● SOURCE DATA:

%%

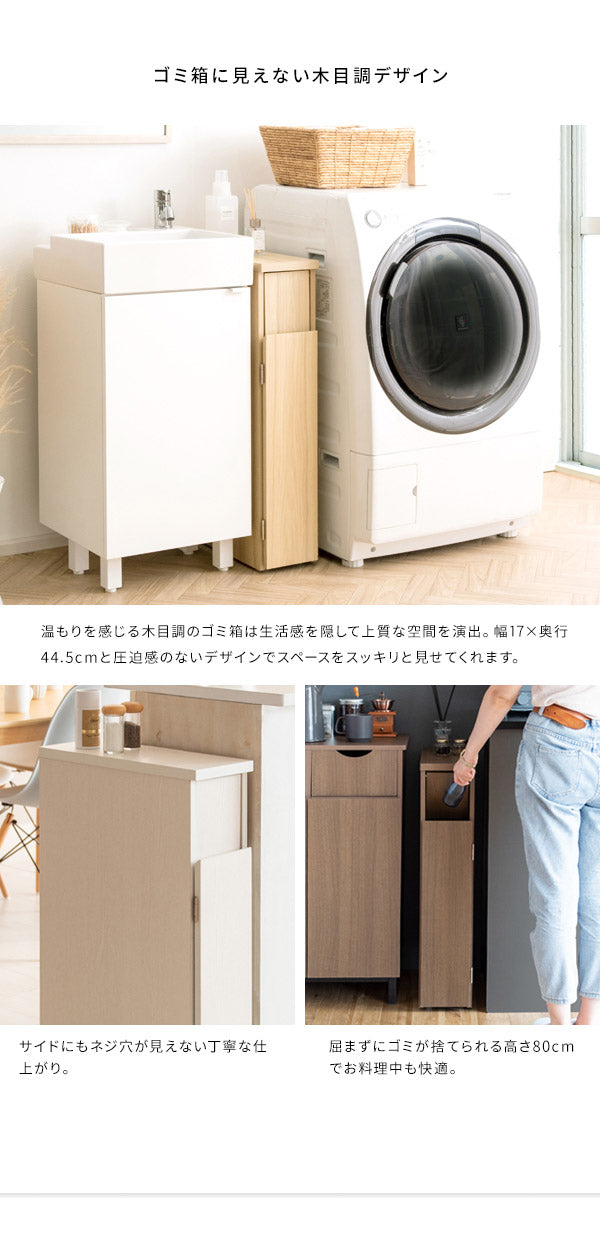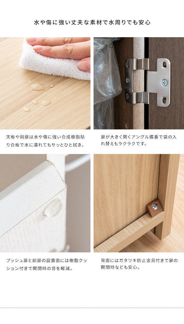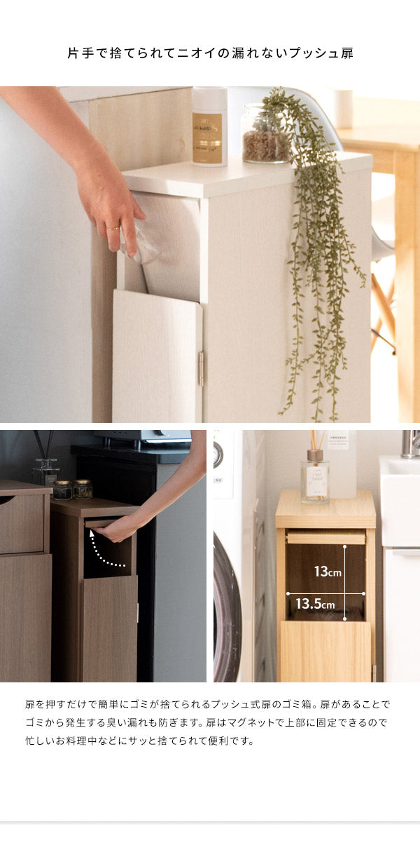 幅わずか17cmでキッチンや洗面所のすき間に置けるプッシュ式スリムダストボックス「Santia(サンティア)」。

%%
%%

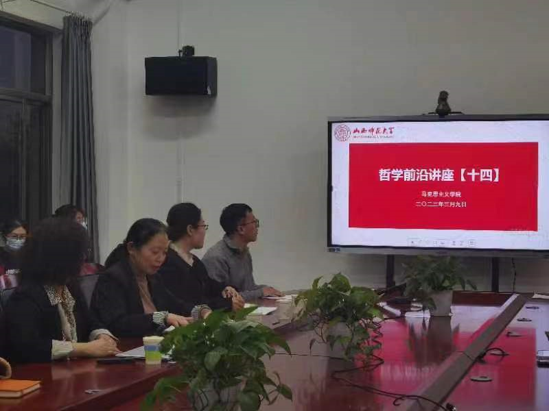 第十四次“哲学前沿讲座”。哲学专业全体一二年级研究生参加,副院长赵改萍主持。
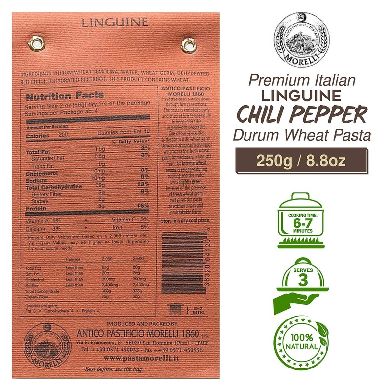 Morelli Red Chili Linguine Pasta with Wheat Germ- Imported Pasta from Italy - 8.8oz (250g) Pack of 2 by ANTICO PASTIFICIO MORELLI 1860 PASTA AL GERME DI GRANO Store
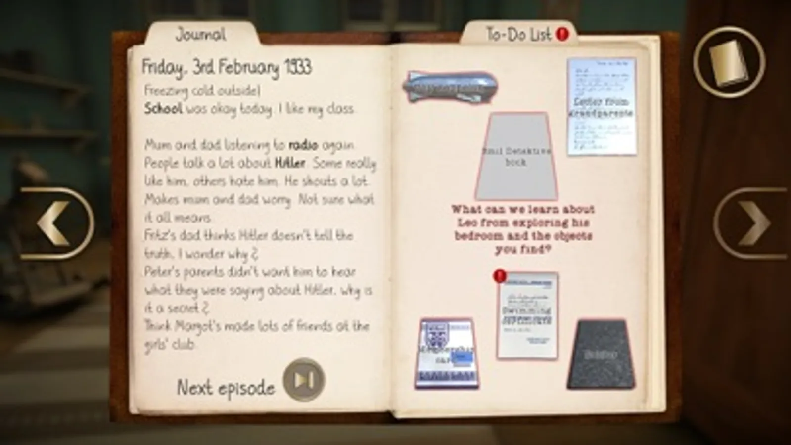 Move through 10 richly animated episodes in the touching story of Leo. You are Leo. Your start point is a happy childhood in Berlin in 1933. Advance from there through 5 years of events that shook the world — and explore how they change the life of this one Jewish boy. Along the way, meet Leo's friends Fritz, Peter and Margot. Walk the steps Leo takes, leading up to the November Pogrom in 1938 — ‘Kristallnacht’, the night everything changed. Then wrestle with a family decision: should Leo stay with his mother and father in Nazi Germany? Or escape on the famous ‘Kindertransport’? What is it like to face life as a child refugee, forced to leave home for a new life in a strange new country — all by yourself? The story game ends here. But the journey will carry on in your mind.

%%

● ACTIVITY: All lines above from the one containing "Morelli Red Chili" up to and including the one containing "Move through 10" are to be set down exactly, and nothing else. Leave images out.

● RESULT OF THE TASK:
 Morelli Red Chili Linguine Pasta with Wheat Germ- Imported Pasta from Italy - 8.8oz (250g) Pack of 2 by ANTICO PASTIFICIO MORELLI 1860 PASTA AL GERME DI GRANO Store
 Move through 10 richly animated episodes in the touching story of Leo. You are Leo. Your start point is a happy childhood in Berlin in 1933. Advance from there through 5 years of events that shook the world — and explore how they change the life of this one Jewish boy. Along the way, meet Leo's friends Fritz, Peter and Margot. Walk the steps Leo takes, leading up to the November Pogrom in 1938 — ‘Kristallnacht’, the night everything changed. Then wrestle with a family decision: should Leo stay with his mother and father in Nazi Germany? Or escape on the famous ‘Kindertransport’? What is it like to face life as a child refugee, forced to leave home for a new life in a strange new country — all by yourself? The story game ends here. But the journey will carry on in your mind.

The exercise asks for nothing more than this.